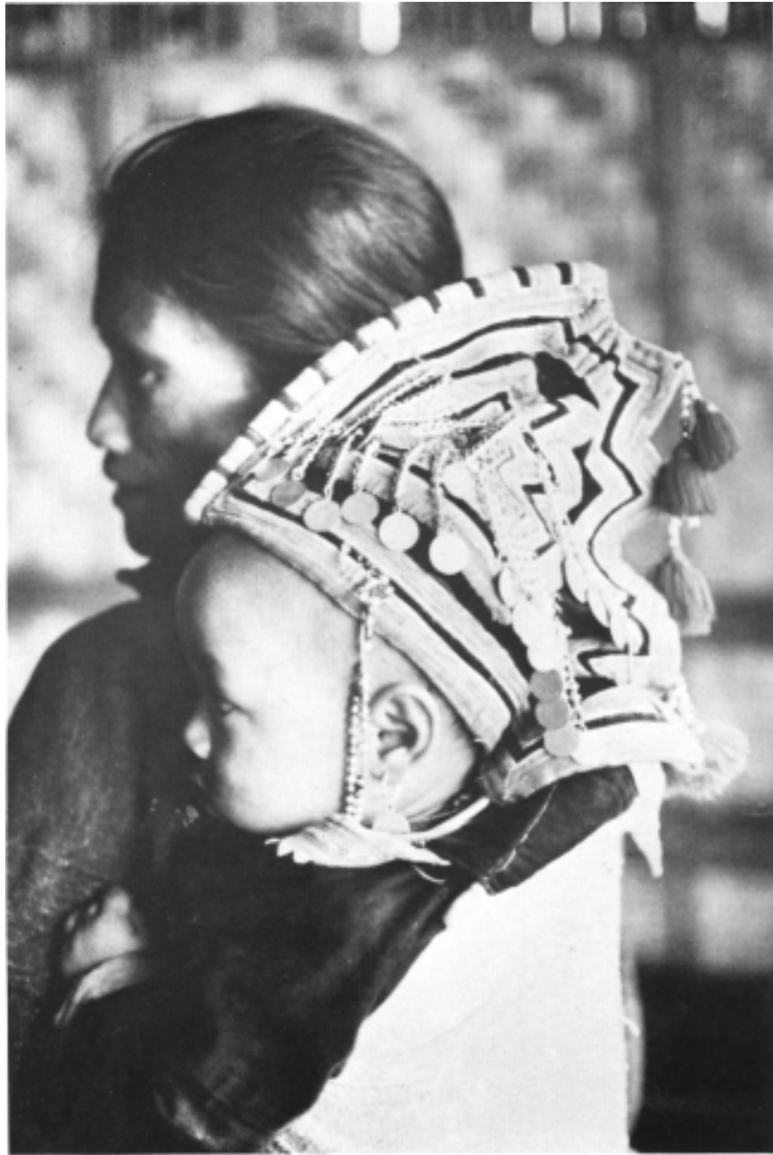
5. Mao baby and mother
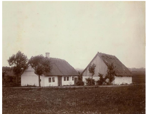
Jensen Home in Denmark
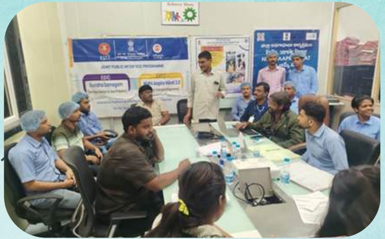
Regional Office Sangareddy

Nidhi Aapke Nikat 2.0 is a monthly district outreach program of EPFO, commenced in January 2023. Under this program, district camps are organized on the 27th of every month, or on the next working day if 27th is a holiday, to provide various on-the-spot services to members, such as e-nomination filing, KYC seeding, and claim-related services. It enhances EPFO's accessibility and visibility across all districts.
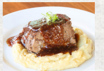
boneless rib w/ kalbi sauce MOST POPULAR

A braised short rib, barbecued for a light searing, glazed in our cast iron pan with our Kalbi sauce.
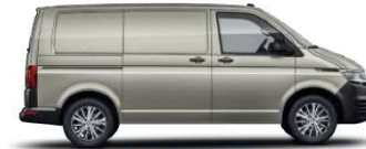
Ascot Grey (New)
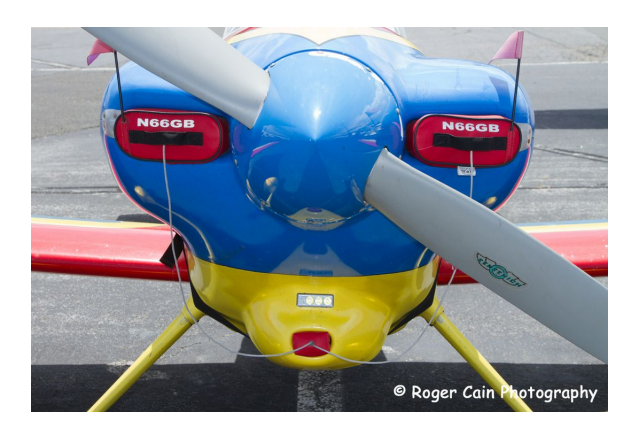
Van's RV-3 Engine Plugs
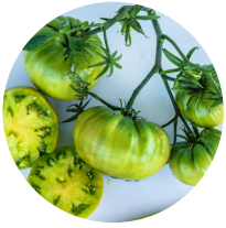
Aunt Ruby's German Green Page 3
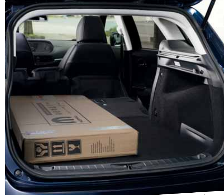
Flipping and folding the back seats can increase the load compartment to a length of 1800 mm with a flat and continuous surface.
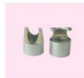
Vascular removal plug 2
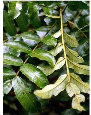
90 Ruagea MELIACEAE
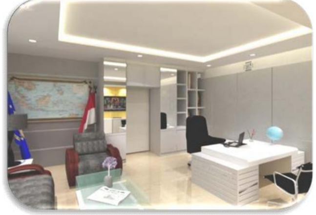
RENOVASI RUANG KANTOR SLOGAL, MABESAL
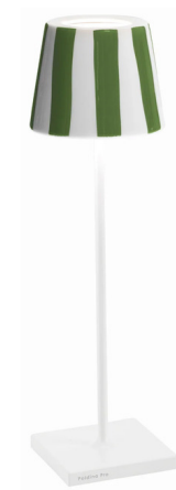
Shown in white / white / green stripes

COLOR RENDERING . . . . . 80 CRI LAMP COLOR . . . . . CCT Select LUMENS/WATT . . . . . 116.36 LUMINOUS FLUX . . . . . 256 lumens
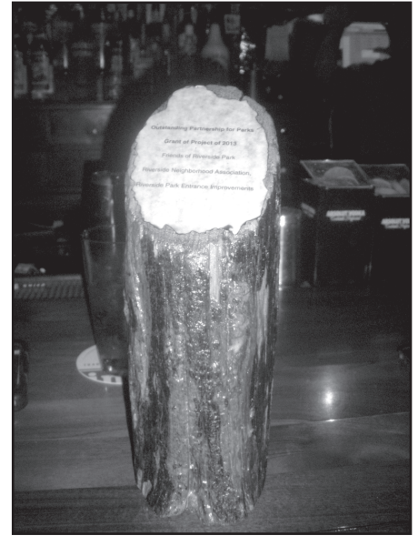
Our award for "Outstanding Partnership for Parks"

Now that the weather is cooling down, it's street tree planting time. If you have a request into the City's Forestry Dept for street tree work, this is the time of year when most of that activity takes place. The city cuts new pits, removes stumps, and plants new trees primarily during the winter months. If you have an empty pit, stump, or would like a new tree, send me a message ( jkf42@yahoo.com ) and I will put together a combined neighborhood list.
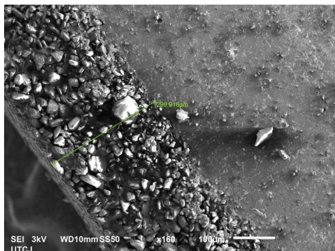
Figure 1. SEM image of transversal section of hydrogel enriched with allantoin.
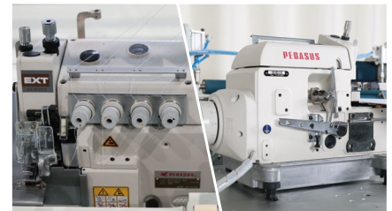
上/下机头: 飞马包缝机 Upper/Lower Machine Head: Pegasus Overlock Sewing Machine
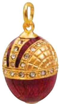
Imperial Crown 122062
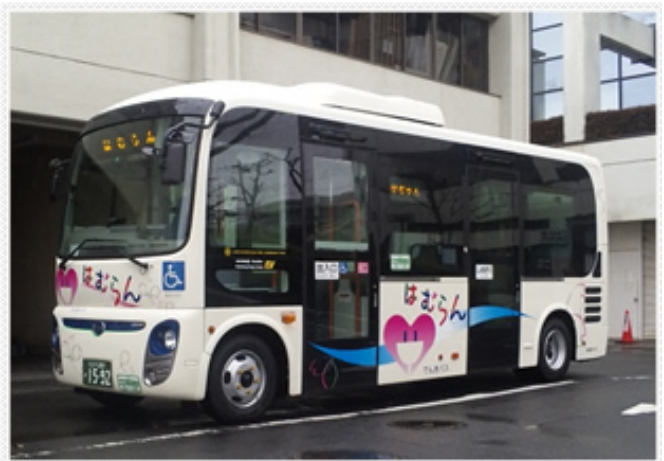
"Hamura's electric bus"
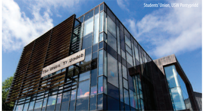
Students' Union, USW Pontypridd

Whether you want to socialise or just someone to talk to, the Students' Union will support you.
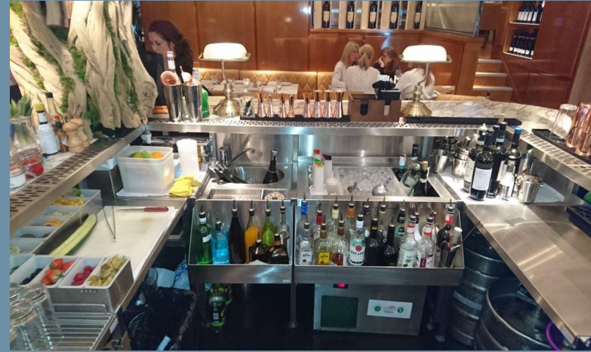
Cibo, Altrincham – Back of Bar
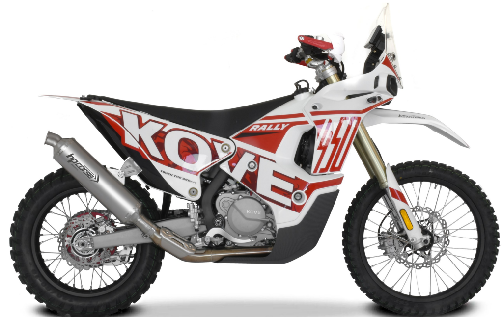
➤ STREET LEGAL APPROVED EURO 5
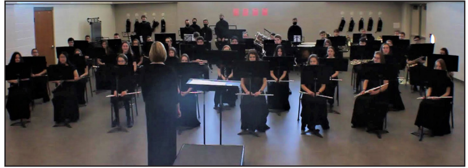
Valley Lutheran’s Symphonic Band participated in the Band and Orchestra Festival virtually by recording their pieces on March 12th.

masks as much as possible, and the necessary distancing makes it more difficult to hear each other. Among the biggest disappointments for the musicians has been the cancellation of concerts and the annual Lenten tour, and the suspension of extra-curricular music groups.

#### INSTRUCTIONS TO FOLLOW
Search the data above for the string "sauce" and return every line that has it.

#### REPLY
boneless rib w/ kalbi sauce MOST POPULAR
A braised short rib, barbecued for a light searing, glazed in our cast iron pan with our Kalbi sauce.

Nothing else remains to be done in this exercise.